Recorded data
▬▬▬▬▬▬▬▬▬▬

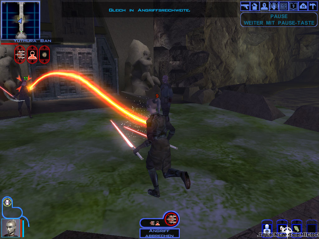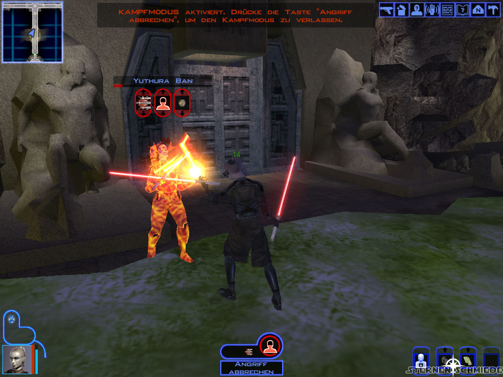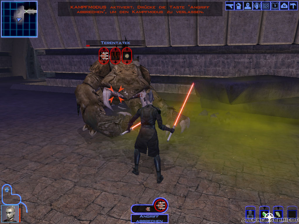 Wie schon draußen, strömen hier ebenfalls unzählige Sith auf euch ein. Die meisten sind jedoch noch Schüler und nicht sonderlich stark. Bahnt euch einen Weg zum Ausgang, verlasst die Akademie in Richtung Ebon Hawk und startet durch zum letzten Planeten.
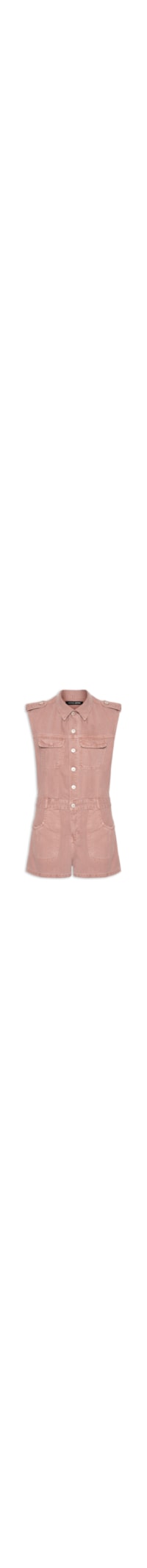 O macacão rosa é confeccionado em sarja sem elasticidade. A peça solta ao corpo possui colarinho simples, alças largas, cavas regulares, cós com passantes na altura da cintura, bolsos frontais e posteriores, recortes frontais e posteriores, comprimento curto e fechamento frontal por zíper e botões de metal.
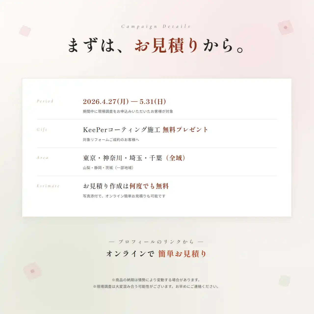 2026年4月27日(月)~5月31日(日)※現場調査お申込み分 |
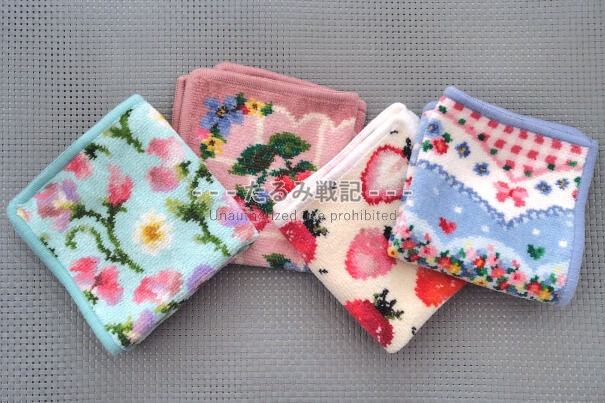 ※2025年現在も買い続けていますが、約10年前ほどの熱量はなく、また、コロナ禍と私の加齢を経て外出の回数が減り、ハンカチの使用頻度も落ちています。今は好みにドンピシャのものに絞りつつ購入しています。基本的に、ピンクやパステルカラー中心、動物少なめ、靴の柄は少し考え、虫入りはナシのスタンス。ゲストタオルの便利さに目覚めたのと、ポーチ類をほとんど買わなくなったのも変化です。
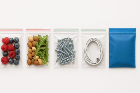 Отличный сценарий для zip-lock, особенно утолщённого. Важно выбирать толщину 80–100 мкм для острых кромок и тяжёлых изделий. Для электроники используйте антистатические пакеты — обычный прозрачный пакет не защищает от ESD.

▬▬▬▬▬▬▬▬▬▬

▶ [Your task]: For each entry, repeat its text exactly and leave out any picture it holds.

▶ [Completed task]:
 Wie schon draußen, strömen hier ebenfalls unzählige Sith auf euch ein. Die meisten sind jedoch noch Schüler und nicht sonderlich stark. Bahnt euch einen Weg zum Ausgang, verlasst die Akademie in Richtung Ebon Hawk und startet durch zum letzten Planeten.
 O macacão rosa é confeccionado em sarja sem elasticidade. A peça solta ao corpo possui colarinho simples, alças largas, cavas regulares, cós com passantes na altura da cintura, bolsos frontais e posteriores, recortes frontais e posteriores, comprimento curto e fechamento frontal por zíper e botões de metal.
 2026年4月27日(月)~5月31日(日)※現場調査お申込み分 |
 ※2025年現在も買い続けていますが、約10年前ほどの熱量はなく、また、コロナ禍と私の加齢を経て外出の回数が減り、ハンカチの使用頻度も落ちています。今は好みにドンピシャのものに絞りつつ購入しています。基本的に、ピンクやパステルカラー中心、動物少なめ、靴の柄は少し考え、虫入りはナシのスタンス。ゲストタオルの便利さに目覚めたのと、ポーチ類をほとんど買わなくなったのも変化です。
 Отличный сценарий для zip-lock, особенно утолщённого. Важно выбирать толщину 80–100 мкм для острых кромок и тяжёлых изделий. Для электроники используйте антистатические пакеты — обычный прозрачный пакет не защищает от ESD.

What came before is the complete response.